■ Your task
Please return only the lines from the one with "当日の体育はバスケットボール" through the final line of the data, unchanged, with pictures omitted.

■ Provided material
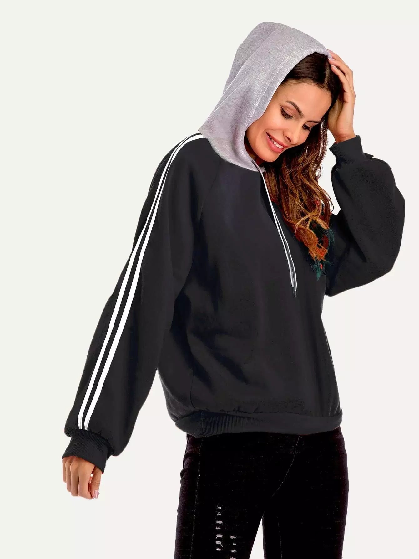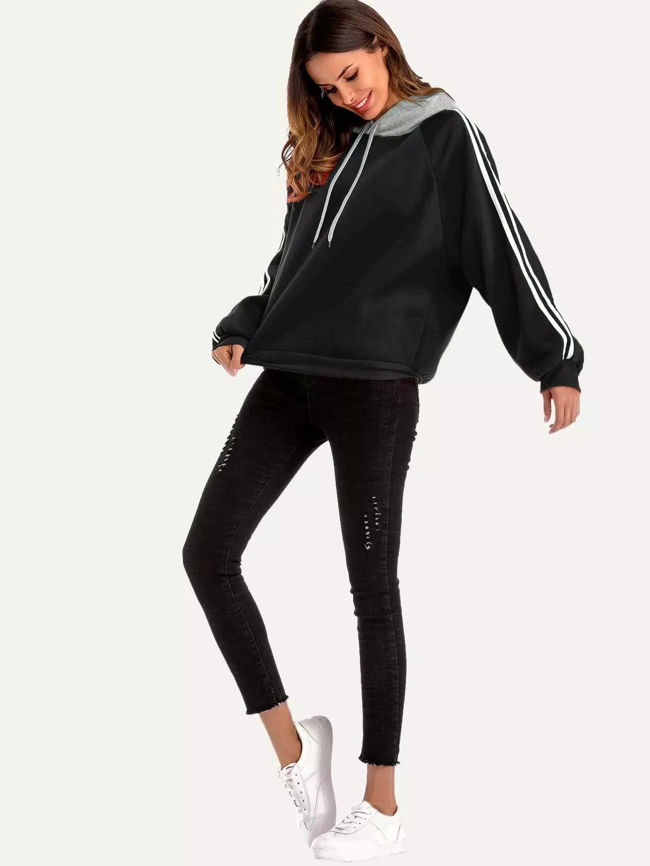 هودي بأكمام شريطية بأربطة بأكمام شريطية
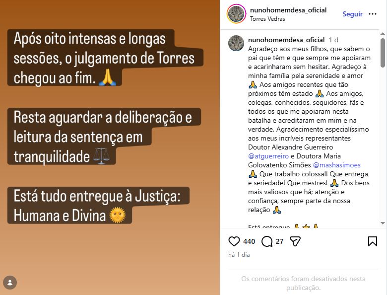 “Após oito intensas e longas sessões, o julgamento de Torres [Vedras] chegou ao fim. Resta aguardar a deliberação da sentença em tranquilidade. Está tudo entregue à justiça: humana e divina”, escreveu.
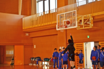 当日の体育はバスケットボールであり、パスやシュートといった基本技術の修得を目標にした授業でした。その授業に、バスケットボールの競技経験のある学生が参加し、生徒に対するデモンストレーションやシュート練習、基本技術のアドバイスといった支援を行いました。
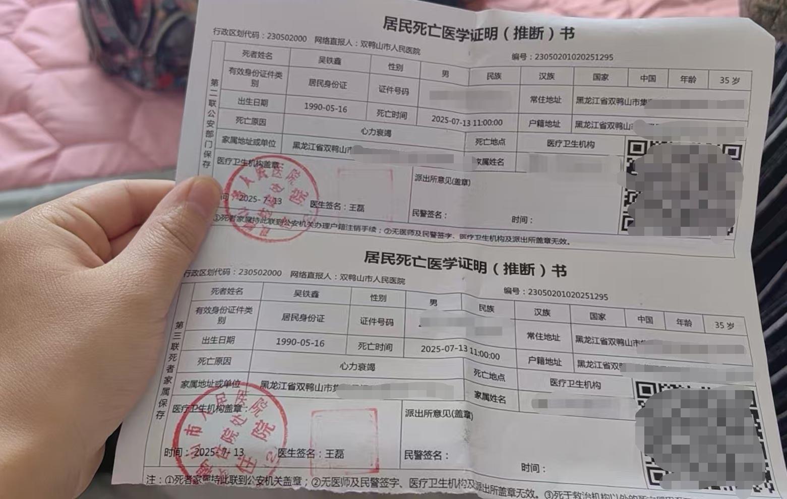 今年6月中旬以來,黑龍江等地出現持續高溫天氣。其妻子鹿女士表示,丈夫由此患上了熱射病。7月13日上午11時,因糖尿病引起的多癥狀并發癥,以及心臟衰竭,吳鐵鑫不幸離世。

■ Reply to the task
 当日の体育はバスケットボールであり、パスやシュートといった基本技術の修得を目標にした授業でした。その授業に、バスケットボールの競技経験のある学生が参加し、生徒に対するデモンストレーションやシュート練習、基本技術のアドバイスといった支援を行いました。
 今年6月中旬以來,黑龍江等地出現持續高溫天氣。其妻子鹿女士表示,丈夫由此患上了熱射病。7月13日上午11時,因糖尿病引起的多癥狀并發癥,以及心臟衰竭,吳鐵鑫不幸離世。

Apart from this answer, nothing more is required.